The easiest way to add energy is to add heat. The more energy the atoms and molecules have, the more they move. When a substance transfers its heat, it loses energy and the particles move closer together. A second way to cause a phase change is to increase pressure. Examining the ideal gas law will help us to understand the relationship between pressure, volume, and temperature. The kinetic theory states that all gases are made up of very small particles with no forces of attraction or repulsion between them. These particles move randomly, independently, in straight lines until colliding with the walls of their container or each other, which causes them to mix uniformly. The temperature of the gas reflects the average kinetic energy of the gas particles. When looking at the mechanism of popping corn, the two most important variables are pressure and temperature. Since the water is contained within the pericarp, the popcorn hull, volume is constant. Gay-Lussac’s Law states that the pressure of a given amount of gas held at constant volume is directly proportional to the Temperature in Kelvin units. As temperature rises, the pressure of the gas, water vapor, rises.1

The Kelvin scale is the logical extension of the relationship between temperature and volume. At absolute zero, theoretically there is no molecular movement. Each unit on the Kelvin scale equals one degree on the Celsius scale. Although my students will use the Celsius scale for collecting and analyzing data, I will give them the conversion formulas:  F = C x 9/5 + 32 and C = (F – 32) x 5/9


What makes popcorn pop? The short answer is water found inside the kernel. Yet science is as much, if not more, about the questions rather than just the answers. Lots of foods have water inside them, but they don’t pop in the microwave.
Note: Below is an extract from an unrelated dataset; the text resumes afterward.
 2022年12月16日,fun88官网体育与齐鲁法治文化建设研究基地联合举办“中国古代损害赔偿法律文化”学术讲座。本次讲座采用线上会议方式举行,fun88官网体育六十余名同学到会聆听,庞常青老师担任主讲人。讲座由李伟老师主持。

Or do they? Consider a watermelon; it has so much water that it is even part of the fruit’s name, yet we don’t put it in the microwave. Maybe it’s a question of seeds. We don’t expect the fruit to pop; however, neither do the watermelon seeds. In fact, there are very few seeds that meet the structural conditions needed to pop; amaranth is one, but none of them do it as well as popcorn.

History of Popcorn

Who invented this culinary marvel? Archeological evidence suggests that popcorn is a naturally-occurring variety of corn. In the 1940s, the Rockefeller Foundation, in conjunction with the Mexican Ministry of Agriculture, collected more than 2000 varieties of corn, maize, from Mexico. Among those listed were four “ancient indigenous” races of corn: Palomero Toloqueno, Arrocillo Amarillo, Chapalote, and Nal-Tel based on ear and kernel characteristics. Like modern popcorn varieties, all four have pine cone shaped ears and small dense kernels. Archeological findings support their claim of antiquity. Brown Kernels about 4000 years old related to Chapalote were discovered in the Bat Cave of New Mexico. In La Perra Cave, in northeastern Mexico, 2000 year old cobs related to Nal-Tel were found.2 

There are five main types of corn: flint, sweet, dent, flour, and popcorn. Flint corn (Zea mays indurata) has kernels with hard outer shells and can range in color from white to red. This is the type associated with ornamental corn. It can also be used as animal feed. Central and South America are the largest growers of flint corn today. Sweet corn (Zea saccharata or Zea rugosa) is the type most eaten by people, either fresh on the cob or processed as a frozen or canned food. It gets its name because it has more natural sugars than other types of corn at the same developmental stages, 10% for sweet corn compared to 4% for field corn. However, once picked, the sugars begin converting to starch, losing up to 50% of its sweetness after one day. Dent corn (Zea mays indenata) is also known as field corn. It gets its name from the indentations on the kernels at maturity. It can be white or yellow, contains both hard and soft starches and is usually used as animal feed, in processed foods and in various industrial products including ethanol. The fourth type’s name flour (Zea mays amylacea) explains its use. It has a soft, starch filled kernel, that easily grinds down to produce the starch flour that is used in many different food preparations. In addition to supplying nutrition, starch is what gives cooked food its shape. It is usually white but can also be other colors as in blue corn tortilla chips. Flour corn is one of the oldest cultivated types and the one mostly grown by Native Americans. Last, but certainly not least, is popcorn (Zea mays everta). Popcorn is related to flint corn in that it has a hard exterior shell, known as the pericarp. Inside is a soft endosperm and water.3 

Agronomists classify the popcorn endosperm as everta because it turns inside out, or everts, when heated. The water inside the kernel is changed to steam. The increased pressure causes the pericarp to split and the starchy endosperm flakes producing the treat we call popcorn. In other types of corn, either the steam escapes gradually or the kernel splits without exploding.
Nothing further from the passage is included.